Opcode-based equality heuristics: a number of simple tests are easily recognizable at the bytecode level (e.g. ifnull/ifnonnull and ifeq/ifne), and are expected to allow predicting the outcome:
i) Null test for reference types: testing if a reference is equal to null is deemed to usually fail;
ii) Zero test and equality test: testing if a value of a primitive type (boolean, integer, double, etc) is equal to zero is deemed to usually fail, as well as the equality test between two primitive types or two references. 12
Successors-based heuristics: depending on properties of the clos- est successor nodes, we want to determine if the branch will be taken or not.
if-then without an else structures: the then part is assumed to perform some special-case processing, and is therefore predicted not to be taken.
direct successors containing a throw statement: they are of course expected not to be taken, since they raise an exception.
direct successors containing a return statement: they are also intuitively deemed to be treating special cases, such as to terminate a recursive iteration.
We implemented these heuristics and inserted additional probes into the transformed classes, in order to collect statistics on the quality of the predictions throughout the whole SPEC JVM98 benchmark suite.

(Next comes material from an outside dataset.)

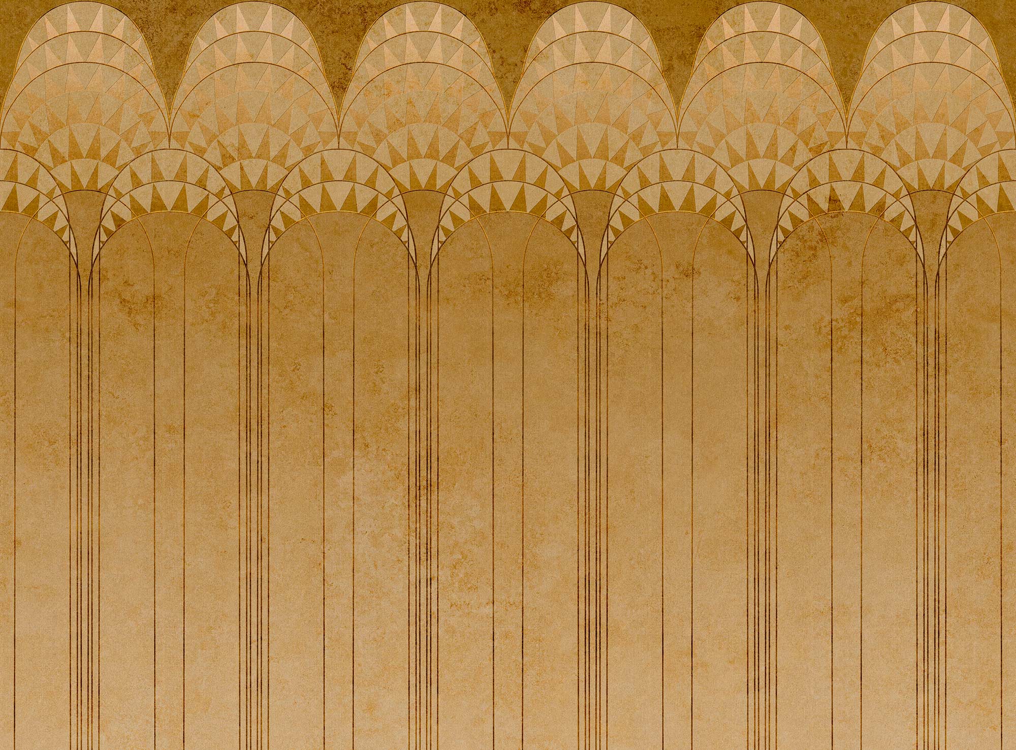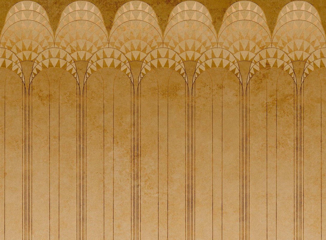Mural Tecnografica Metal Lexington Gold 82784-1 inspirowany jest estetyką art déco i architektonicznymi motywami z lat 20. XX wieku. Wzór opiera się na pionowych pasach i rytmicznie rozmieszczonych łukach z geometrycznymi elementami. Całość tworzy uporządkowaną, elegancką kompozycję przywodzącą na myśl monumentalne wnętrza metropolii. Mural Tecnografica 82784-1 Metal Lexington Gold doskonale sprawdzi się w przestrzeniach reprezentacyjnych – lobby, restauracjach czy salonach, w których podkreśli luksusowy i dopracowany charakter aranżacji. Geometryczny układ wzoru nadaje ścianie rytmu i symetrii, wspierając wizualny porządek we wnętrzu.

We decided that the heuristics are to be evaluated in turn, starting with those for which our statistics show the highest probability of success (or hit), respectively the lowest miss rate, as detailed in the following. We chose to consider them as exclusive, i.e. as soon as a heuristic decides that a given successor node of the current branching node shall be taken, the algorithm stops there.
We found that the best sequence of heuristics, which yielded an overall miss rate of 28%, was the following:
1. Loop branches and loop entry branches are well-known to provide a hit with good confidence . In our setting, they had a total miss rate of 23%, which is not quite as good as expected.
12 This aggregation of different cases inside the same heuristic is due to the nature of the JVM instruction set, which has several uses for the ifeq/ifne opcodes. Therefore, a finer analysis would be needed to distinguish between the different cases.